In case you haven’t heard, my very favorite philosopher has just released a new introductory philosophy textbook, entitled Knowledge, Reality, and Value. Yes, Mike Huemer has entered the textbook market.  And since he’s publishing via Amazon, the price is a rock-bottom $14.99.

I’ll discuss KRV in detail once I finish it.  For now, I share a few highlights.

Huemer on the psychological foundations of rational irrationality:

When we are being biased (non-objective), we usually do not notice that we are doing this, nor do we actively decide to do it. It just happens automatically – e.g., we automatically, without even trying, find ourselves thinking of reasons why the person who is “on our side” shouldn’t be blamed for what he did. On the other hand, when a person “on the other side” is accused of wrongdoing, no such excuses occur to us. This is to say that bias is usually unconscious (or only semi-conscious), and unintentional (or only semi-intentional). That is why it requires deliberate monitoring and effort to attain objectivity. You have to stop once in a while to ask yourself how you might be biased. If you don’t, the bias will automatically happen. [italics original; bold-face mine]

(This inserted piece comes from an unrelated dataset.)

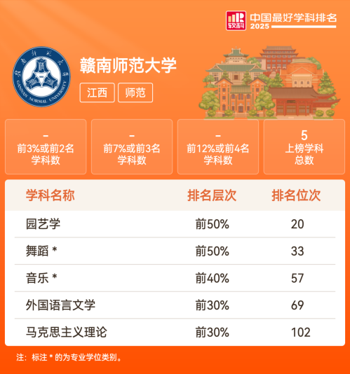 10月15日,高等教育评价专业机构软科正式发布2025“软科中国最好学科排名”,我校共5个学科上榜,较去年增加园艺学、舞蹈、音乐3个学科,其中舞蹈和音乐为今年软科排名新增一级学科。江西共13所高校上榜,我校位列第9位。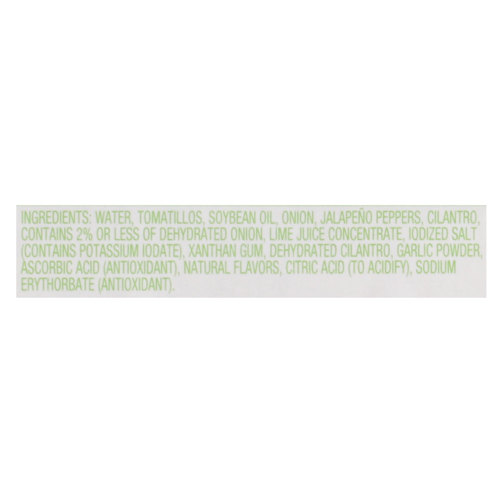 ingredients : water;tomatillos;soybean oil;onion;jalapeno peppers;cilantro;contains 2% or less of dehydrated onion;lime juice concentrate;iodized salt;contains potassium iodate;xanthan gum;dehydrated cilantro;garlic powder;ascorbic acid;antioxidant;natural flavors;citric acid;to acidify;sodium erythorbate

Huemer on deserving to win:

Now, you might wonder: “If I do that, then how am I going to win debates?” If you have this concern, you’re thinking incorrectly about intellectual discussion. The purpose of intellectual discussion is promoting truth (for yourself and others). If your view can’t survive when you treat the opposing views fairly, then that pretty much means your view is wrong. As a rational thinker, you want your beliefs to be true, so you should welcome the opportunity to discover if your own current view is wrong; then you can eliminate a mistaken belief and move closer to the truth. If you are afraid to confront the strongest opposing views, represented in the fairest way possible, that means that you suspect that your own beliefs are not up to the challenge, which means you already suspect that your beliefs are false.

Huemer on irrationalism:

If you hear someone attacking the ideals of objectivity or rationality, how should you react? First, I would suggest that if a person attacks rationality/objectivity, this is evidence that some key point of their ideology is false, and that they themselves know or suspect that. (Alternately, it could be that they don’t understand what rationality and objectivity are.) If you were initially sympathetic to their views, you should greatly lower your confidence in those views, and in that person.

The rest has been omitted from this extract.